## Assignment
Only the lines from the one bearing "Развлечения подростков в" through the end of the listing belong in your response, restated word for word and without pictures.

(Task input begins)

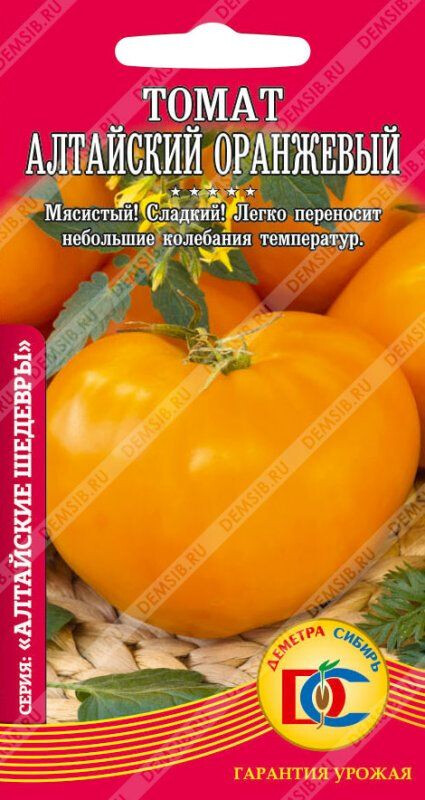 Среднеспелый высокоурожайный сорт для открытого грунта и пленочных укрытий. Растение индетерминантное. высотой до 150 см. Плоды ярко-оранжевые, плоскоокруглые, массой 250-500г, плотные, мясистые, великолепного вкуса. Для потребления в свежем виде и приготовлении зимних заготовок.
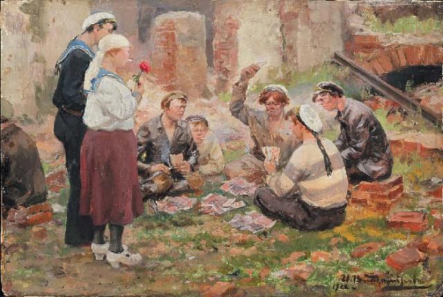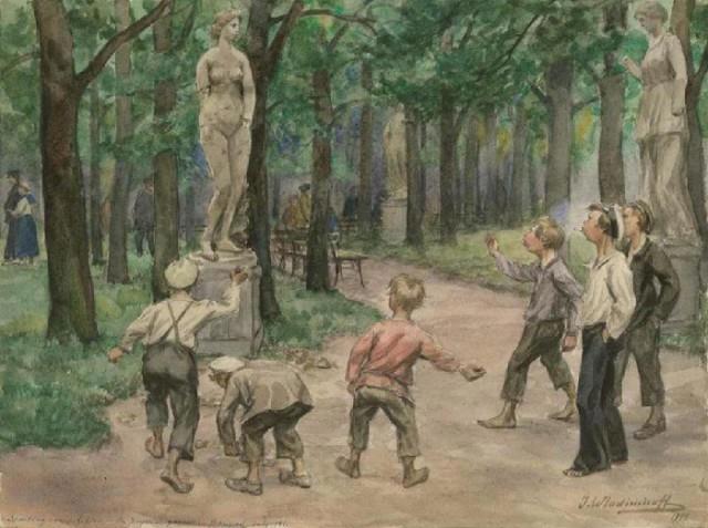 Развлечения подростков в императорском саду Петрограда. (1921). Автор: Иван Владимиров.
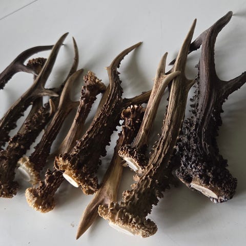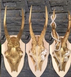 Opsats bestående af rådyrgevirer og rådyrkranier i forskellige størrelser og farver. Materialet er naturlige rådyrgevirer og kranier,.
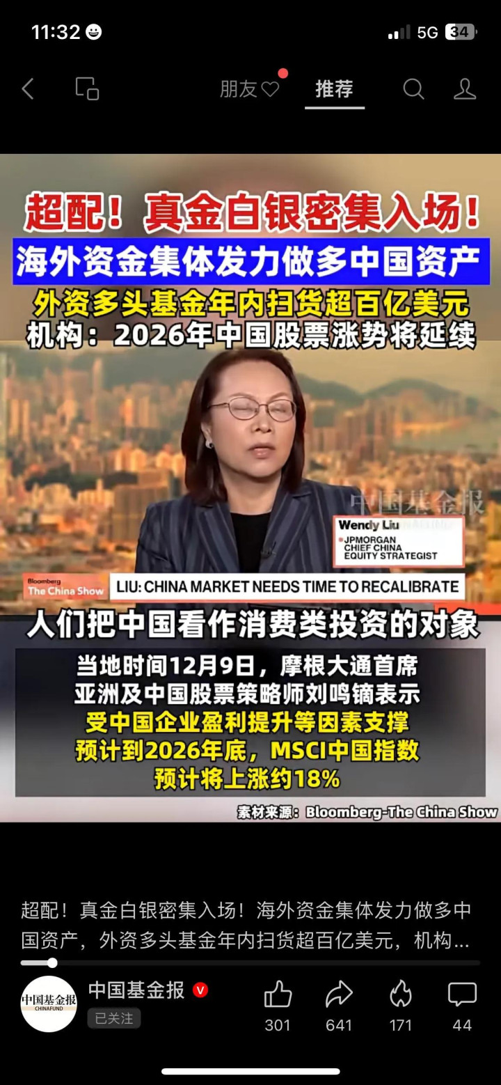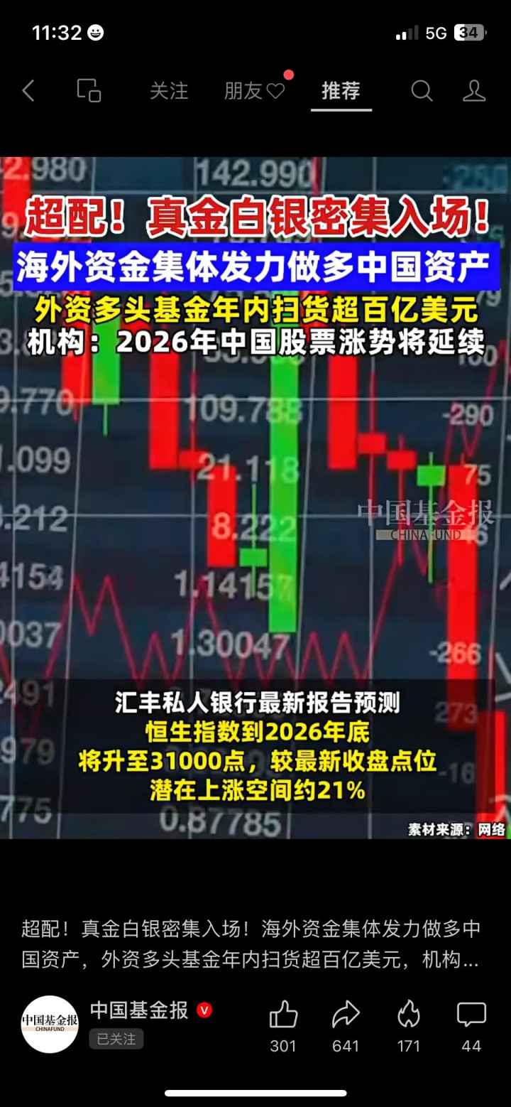 官微最新提醒,海外资金正密集加仓中国资产,截至今年11月,外资多头基金在A股、港股合计买入约100亿美元股票,机构普遍看好2026年中国股市走势。
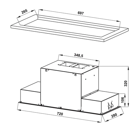 Kích thước hộc cắt: | 697R x 265S mm |
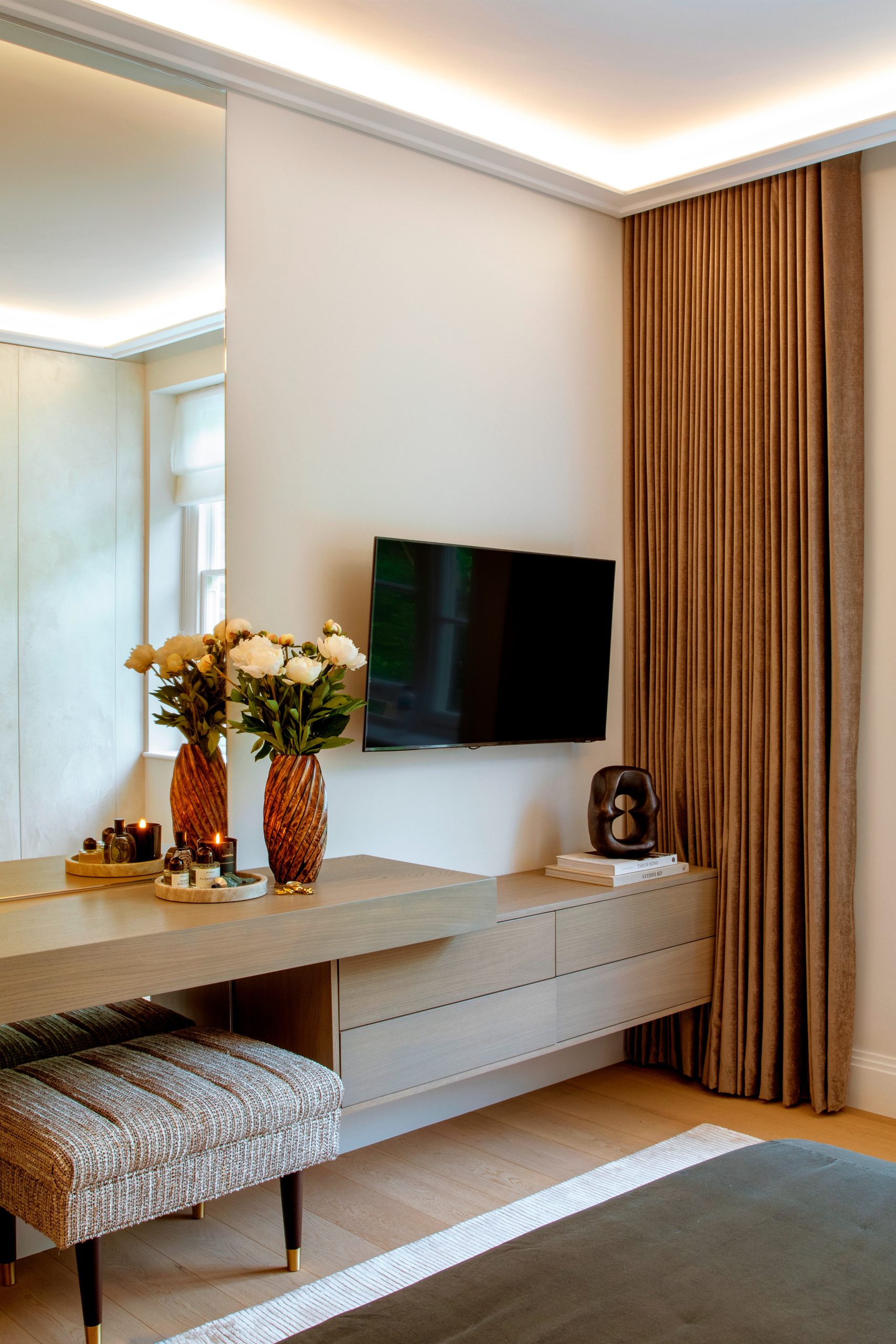 The coving was designed to deliberately disguise the header of the curtains, which helps to ensure no natural light comes through. Using soft and textured velvets, we produced double wave curtains for most of the bedrooms alongside roman blinds in a voile with a set of wave curtains for the final bedroom.
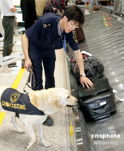 北京海關(guān)旅檢、緝私部門等近日在首都機場聯(lián)合進行奧運安保綜合演練,考察一線關(guān)員處置突發(fā)事件的應(yīng)變能力。圖為搜爆犬在機場行李中查緝爆炸物品。 中新社發(fā) 雷虹 攝
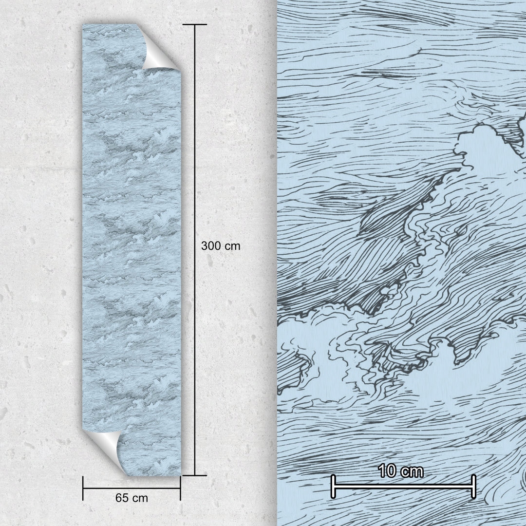 ОБОИ ГРАФИЧЕСКИЕ ОБЛАКА ГРАВИРОВКА ВИНТАЖНЫЕ ЛИНИИ ЛИНИИ СИНИЕ
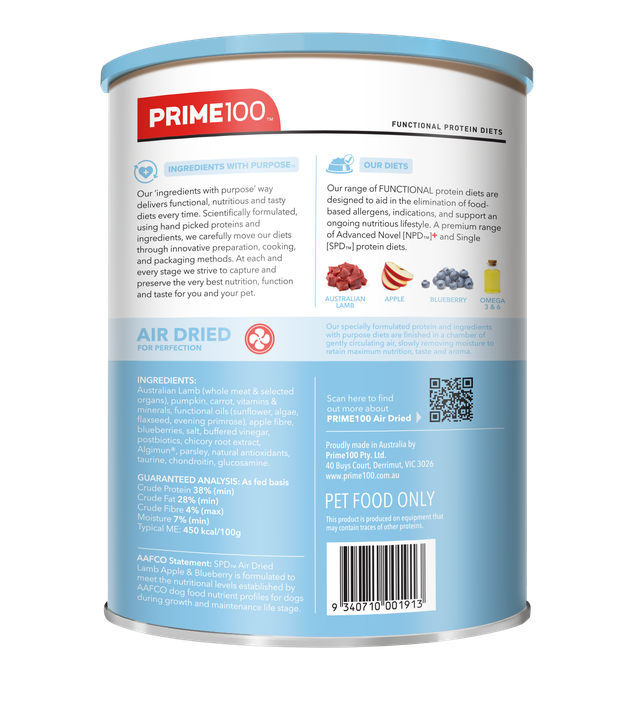 Prime100 SPD Air Dried Puppy Food Lamb, Apple & Blueberry 600g

(Task input ends)

## Output for this exercise
 Развлечения подростков в императорском саду Петрограда. (1921). Автор: Иван Владимиров.
 Opsats bestående af rådyrgevirer og rådyrkranier i forskellige størrelser og farver. Materialet er naturlige rådyrgevirer og kranier,.
 官微最新提醒,海外资金正密集加仓中国资产,截至今年11月,外资多头基金在A股、港股合计买入约100亿美元股票,机构普遍看好2026年中国股市走势。
 Kích thước hộc cắt: | 697R x 265S mm |
 The coving was designed to deliberately disguise the header of the curtains, which helps to ensure no natural light comes through. Using soft and textured velvets, we produced double wave curtains for most of the bedrooms alongside roman blinds in a voile with a set of wave curtains for the final bedroom.
 北京海關(guān)旅檢、緝私部門等近日在首都機場聯(lián)合進行奧運安保綜合演練,考察一線關(guān)員處置突發(fā)事件的應(yīng)變能力。圖為搜爆犬在機場行李中查緝爆炸物品。 中新社發(fā) 雷虹 攝
 ОБОИ ГРАФИЧЕСКИЕ ОБЛАКА ГРАВИРОВКА ВИНТАЖНЫЕ ЛИНИИ ЛИНИИ СИНИЕ
 Prime100 SPD Air Dried Puppy Food Lamb, Apple & Blueberry 600g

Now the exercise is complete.